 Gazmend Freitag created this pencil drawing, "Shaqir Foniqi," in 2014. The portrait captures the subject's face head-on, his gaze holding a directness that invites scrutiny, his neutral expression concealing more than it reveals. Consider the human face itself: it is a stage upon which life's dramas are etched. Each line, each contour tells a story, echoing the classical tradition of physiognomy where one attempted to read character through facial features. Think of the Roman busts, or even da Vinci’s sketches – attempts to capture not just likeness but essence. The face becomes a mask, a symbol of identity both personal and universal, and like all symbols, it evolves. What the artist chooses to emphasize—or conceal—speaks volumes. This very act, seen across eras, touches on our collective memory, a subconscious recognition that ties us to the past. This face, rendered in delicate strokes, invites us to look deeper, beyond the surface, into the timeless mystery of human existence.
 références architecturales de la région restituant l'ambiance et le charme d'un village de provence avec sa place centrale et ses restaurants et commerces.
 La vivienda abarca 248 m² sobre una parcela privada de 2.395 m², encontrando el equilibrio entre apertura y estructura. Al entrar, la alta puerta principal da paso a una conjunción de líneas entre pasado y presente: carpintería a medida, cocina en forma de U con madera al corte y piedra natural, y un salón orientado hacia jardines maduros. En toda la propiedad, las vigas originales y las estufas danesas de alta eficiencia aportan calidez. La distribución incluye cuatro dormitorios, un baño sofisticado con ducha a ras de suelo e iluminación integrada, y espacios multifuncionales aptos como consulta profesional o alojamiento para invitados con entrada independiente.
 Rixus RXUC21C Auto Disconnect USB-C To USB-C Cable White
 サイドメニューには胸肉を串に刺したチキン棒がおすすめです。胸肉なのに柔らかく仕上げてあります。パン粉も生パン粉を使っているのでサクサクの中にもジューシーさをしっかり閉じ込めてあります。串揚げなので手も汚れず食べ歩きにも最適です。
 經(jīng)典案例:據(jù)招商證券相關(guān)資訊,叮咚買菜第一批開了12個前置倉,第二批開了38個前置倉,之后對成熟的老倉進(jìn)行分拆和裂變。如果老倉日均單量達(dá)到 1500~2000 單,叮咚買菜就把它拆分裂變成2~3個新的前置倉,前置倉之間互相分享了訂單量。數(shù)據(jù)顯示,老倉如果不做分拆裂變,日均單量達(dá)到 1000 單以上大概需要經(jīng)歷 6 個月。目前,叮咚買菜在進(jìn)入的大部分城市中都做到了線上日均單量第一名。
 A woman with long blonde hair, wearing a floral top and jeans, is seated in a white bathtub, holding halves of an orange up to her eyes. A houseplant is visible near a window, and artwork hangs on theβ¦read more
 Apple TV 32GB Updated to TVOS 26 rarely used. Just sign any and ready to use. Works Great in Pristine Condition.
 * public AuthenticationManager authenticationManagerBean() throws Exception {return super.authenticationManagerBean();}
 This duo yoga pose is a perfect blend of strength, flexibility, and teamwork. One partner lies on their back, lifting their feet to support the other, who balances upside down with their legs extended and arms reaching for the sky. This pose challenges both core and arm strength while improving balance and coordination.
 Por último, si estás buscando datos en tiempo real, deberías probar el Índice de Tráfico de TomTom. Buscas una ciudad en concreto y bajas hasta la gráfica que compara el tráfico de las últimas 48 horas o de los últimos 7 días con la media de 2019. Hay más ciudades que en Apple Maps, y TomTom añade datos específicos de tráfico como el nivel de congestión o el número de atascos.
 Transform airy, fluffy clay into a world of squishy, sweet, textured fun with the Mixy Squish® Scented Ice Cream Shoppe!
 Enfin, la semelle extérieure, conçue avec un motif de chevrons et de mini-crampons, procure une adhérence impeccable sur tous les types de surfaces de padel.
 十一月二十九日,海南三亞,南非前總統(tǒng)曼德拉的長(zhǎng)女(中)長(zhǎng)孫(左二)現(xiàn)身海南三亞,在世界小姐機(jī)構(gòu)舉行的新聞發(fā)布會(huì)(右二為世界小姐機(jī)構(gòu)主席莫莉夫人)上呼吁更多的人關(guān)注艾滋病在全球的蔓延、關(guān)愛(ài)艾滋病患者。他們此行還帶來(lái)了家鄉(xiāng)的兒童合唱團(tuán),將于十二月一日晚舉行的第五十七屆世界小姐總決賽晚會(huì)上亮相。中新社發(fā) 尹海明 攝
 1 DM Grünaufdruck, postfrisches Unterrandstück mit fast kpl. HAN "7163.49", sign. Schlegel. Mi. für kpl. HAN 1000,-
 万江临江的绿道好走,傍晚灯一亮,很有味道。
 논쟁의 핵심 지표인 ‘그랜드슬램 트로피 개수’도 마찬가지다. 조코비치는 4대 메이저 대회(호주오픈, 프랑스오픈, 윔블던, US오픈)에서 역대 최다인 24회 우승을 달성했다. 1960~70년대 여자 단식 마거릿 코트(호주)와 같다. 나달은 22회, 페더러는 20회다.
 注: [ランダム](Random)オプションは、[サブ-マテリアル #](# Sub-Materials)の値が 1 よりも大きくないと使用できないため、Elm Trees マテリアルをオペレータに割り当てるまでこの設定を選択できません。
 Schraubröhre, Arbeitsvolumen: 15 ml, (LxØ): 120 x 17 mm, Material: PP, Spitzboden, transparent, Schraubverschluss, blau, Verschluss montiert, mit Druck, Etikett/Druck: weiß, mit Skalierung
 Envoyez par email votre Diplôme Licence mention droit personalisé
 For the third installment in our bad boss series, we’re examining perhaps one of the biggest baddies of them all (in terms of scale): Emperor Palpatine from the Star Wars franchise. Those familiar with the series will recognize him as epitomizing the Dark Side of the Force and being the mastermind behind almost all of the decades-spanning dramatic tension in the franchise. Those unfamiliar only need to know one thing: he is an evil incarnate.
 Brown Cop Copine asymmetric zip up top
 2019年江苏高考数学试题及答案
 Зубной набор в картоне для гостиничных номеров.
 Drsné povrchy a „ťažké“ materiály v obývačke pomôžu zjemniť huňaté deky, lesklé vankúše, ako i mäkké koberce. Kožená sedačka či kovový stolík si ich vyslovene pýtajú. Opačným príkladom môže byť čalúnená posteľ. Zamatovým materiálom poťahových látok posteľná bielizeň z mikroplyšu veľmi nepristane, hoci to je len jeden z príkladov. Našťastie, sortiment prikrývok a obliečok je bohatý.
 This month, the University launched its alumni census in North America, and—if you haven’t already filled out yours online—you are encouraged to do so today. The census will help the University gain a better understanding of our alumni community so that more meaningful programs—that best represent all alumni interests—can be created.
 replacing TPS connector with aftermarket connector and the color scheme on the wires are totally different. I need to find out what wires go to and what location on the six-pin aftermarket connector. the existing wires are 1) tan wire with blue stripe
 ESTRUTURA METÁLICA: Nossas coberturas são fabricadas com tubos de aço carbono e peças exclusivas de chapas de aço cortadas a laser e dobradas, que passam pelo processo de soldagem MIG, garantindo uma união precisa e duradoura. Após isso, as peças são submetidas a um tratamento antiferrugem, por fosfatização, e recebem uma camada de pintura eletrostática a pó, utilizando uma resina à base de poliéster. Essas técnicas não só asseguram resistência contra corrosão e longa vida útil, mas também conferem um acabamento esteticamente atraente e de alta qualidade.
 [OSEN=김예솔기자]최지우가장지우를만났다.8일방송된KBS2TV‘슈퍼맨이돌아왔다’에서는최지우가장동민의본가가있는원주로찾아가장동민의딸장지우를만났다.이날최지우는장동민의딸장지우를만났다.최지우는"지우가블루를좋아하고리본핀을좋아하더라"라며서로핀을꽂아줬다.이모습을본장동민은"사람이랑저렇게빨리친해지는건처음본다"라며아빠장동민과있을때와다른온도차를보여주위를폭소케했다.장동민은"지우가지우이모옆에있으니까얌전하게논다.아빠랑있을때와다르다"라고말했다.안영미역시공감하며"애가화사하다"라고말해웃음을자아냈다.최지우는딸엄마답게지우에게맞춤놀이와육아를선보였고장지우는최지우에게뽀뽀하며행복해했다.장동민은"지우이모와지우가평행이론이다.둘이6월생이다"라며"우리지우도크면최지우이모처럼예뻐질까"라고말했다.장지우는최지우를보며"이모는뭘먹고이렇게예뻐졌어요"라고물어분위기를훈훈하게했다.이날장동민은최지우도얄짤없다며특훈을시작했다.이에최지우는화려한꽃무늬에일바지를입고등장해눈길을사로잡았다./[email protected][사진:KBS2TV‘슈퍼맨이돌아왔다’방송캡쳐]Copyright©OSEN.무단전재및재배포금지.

· · · · · · ·

(WORK INSTRUCTIONS):
Give back exactly the lines above, from the line containing "2019年江苏高考数学试题及答案" through the line containing "Drsné povrchy a", with both end lines and nothing more.

(ANSWER BELOW):
 2019年江苏高考数学试题及答案
 Зубной набор в картоне для гостиничных номеров.
 Drsné povrchy a „ťažké“ materiály v obývačke pomôžu zjemniť huňaté deky, lesklé vankúše, ako i mäkké koberce. Kožená sedačka či kovový stolík si ich vyslovene pýtajú. Opačným príkladom môže byť čalúnená posteľ. Zamatovým materiálom poťahových látok posteľná bielizeň z mikroplyšu veľmi nepristane, hoci to je len jeden z príkladov. Našťastie, sortiment prikrývok a obliečok je bohatý.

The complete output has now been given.